__Exercise objective__
With pictures excluded, copy word for word the lines in the data below from the line containing "2021年11月9日下午,专" through the line containing "Brooke Patch Pocket".

Stored items:
'''

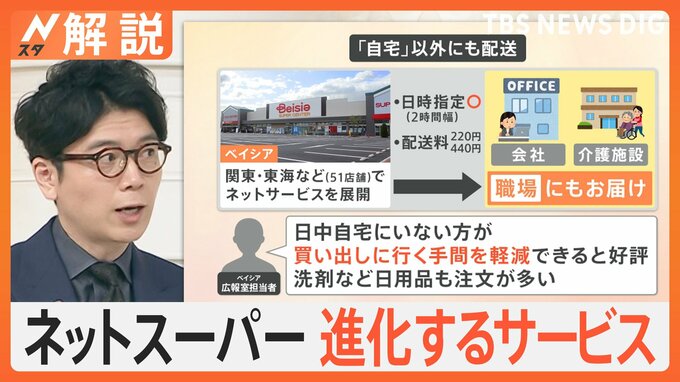 自宅に届くだけではありません。いま、ネットスーパーが進化しているんです。井上貴博キャスター:子育て世代の皆さんはもちろんのこと、単身者にとってもネットスーパーは大変強い味方といえます。自宅以外にも配…
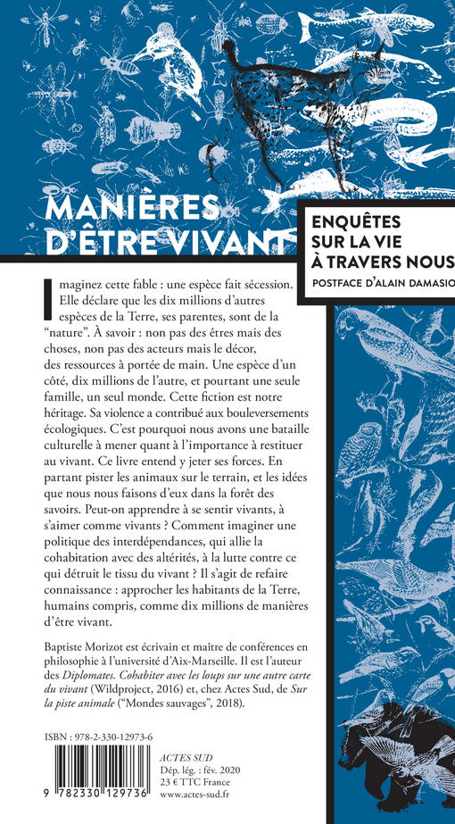 Imaginez cette fable : une espèce fait sécession. Elle déclare que les dix millions d'autres espèces de la Terre, ses parentes, sont de la "nature". À savoir : non pas des êtres mais des choses, non pas des acteurs mais le décor, des ressources à portée de main. Une espèce d'un côté, dix millions de l'autre, et pourtant une seule famille, un seul monde. Cette fiction est notre héritage. Sa violence a contribué aux bouleversements écologiques. C'est pourquoi nous avons une bataille culturelle à mener quant à l'importance à restituer au vivant. Ce livre entend y jeter ses forces. En partant pister les animaux sur le terrain, et les idées que nous nous faisons d'eux dans la forêt des savoirs. Peut-on apprendre à se sentir vivants, à s'aimer comme vivants ? Comment imaginer une politique des interdépendances, qui allie la cohabitation avec des altérités, à la lutte contre ce qui détruit le tissu du vivant ? Il s'agit de refaire connaissance : approcher les habitants de la Terre, humains compris, comme dix millions de manières d'être vivant.
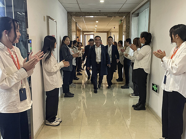 2021年11月9日下午,专程赶赴宁波的万乘金融服务集团创始人/CEO/总裁韩晓先生来到宁波市鄞州区金盛中心16层,亲切看望和慰问战斗在第一线的150多名宁波万乘的小伙伴,并与大家交流互动。
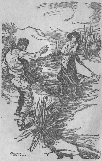Jack Flatray had met O’Connor at his own office and the two had come down to the station on the off chance that MacQueen might try to make his getaway from Mesa in some disguise. But as soon as he saw Melissy the sheriff had eyes for nobody else except the girl he loved. One sleeve of his coat was empty, and his shoulder was bandaged. He looked very tired and drawn; for he had ridden hard more than sixteen hours with a painful wound. But the moment his gaze met hers she knew that his thoughts were all for her and her trouble.
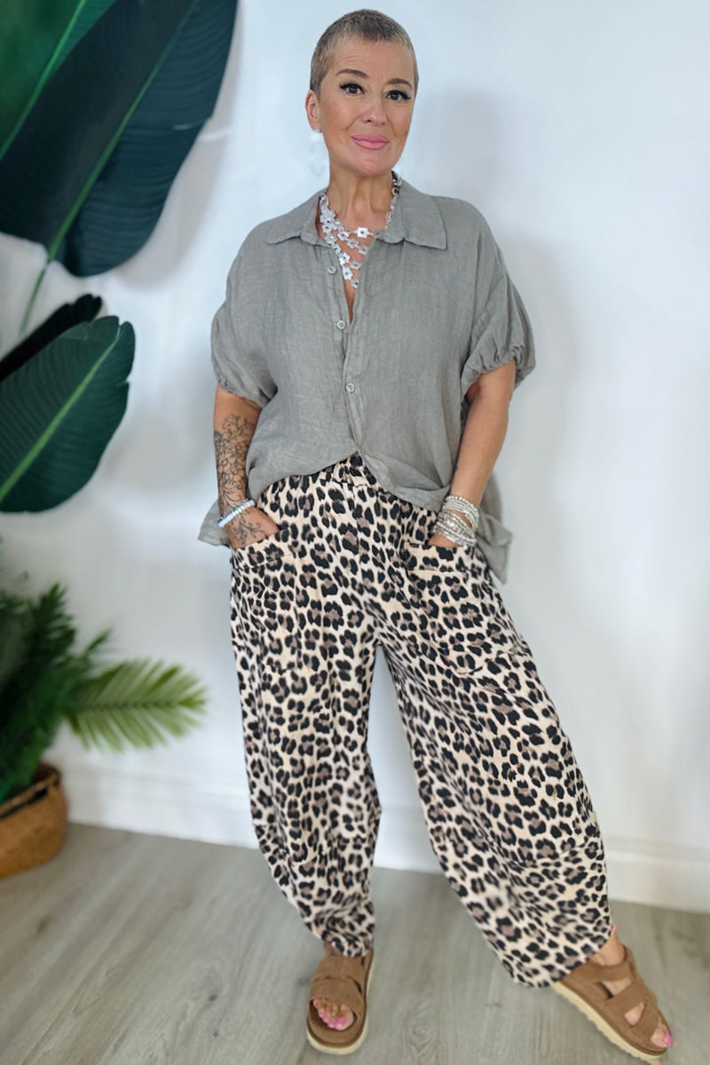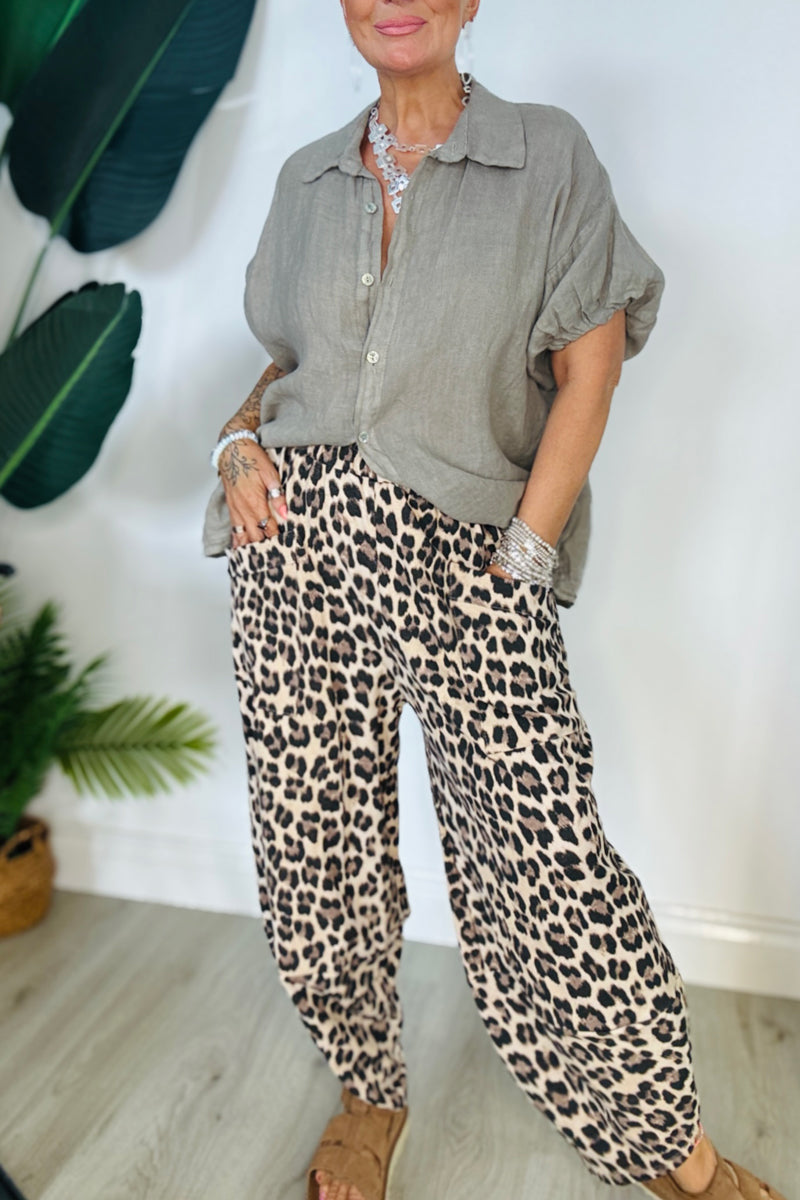 Brooke Patch Pocket Barrel Pants - Leopard Print
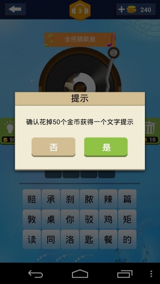 全民猜歌曲:有沒有那么一首歌,會讓你輕輕跟著和?有沒有那么一首歌,會讓你輕輕想起我?當熟悉的旋律再次響起的時候,你心中是否也會蕩起層層漣漪?《全民猜歌曲》讓你回憶老歌,聆聽新歌,在歌曲的旋律中陶醉?!度癫赂枨肪x幾百首經(jīng)典老歌,精品新歌,每段歌曲15秒鐘,請你在聽完后選擇正確的歌曲名稱即可過關(guān)。《全民猜歌曲》準備好了,你的耳朵準備好了嗎?讓我們?nèi)癫赂枨?,一起瘋狂?

'''

__Result of the task__
 2021年11月9日下午,专程赶赴宁波的万乘金融服务集团创始人/CEO/总裁韩晓先生来到宁波市鄞州区金盛中心16层,亲切看望和慰问战斗在第一线的150多名宁波万乘的小伙伴,并与大家交流互动。
Jack Flatray had met O’Connor at his own office and the two had come down to the station on the off chance that MacQueen might try to make his getaway from Mesa in some disguise. But as soon as he saw Melissy the sheriff had eyes for nobody else except the girl he loved. One sleeve of his coat was empty, and his shoulder was bandaged. He looked very tired and drawn; for he had ridden hard more than sixteen hours with a painful wound. But the moment his gaze met hers she knew that his thoughts were all for her and her trouble.
 Brooke Patch Pocket Barrel Pants - Leopard Print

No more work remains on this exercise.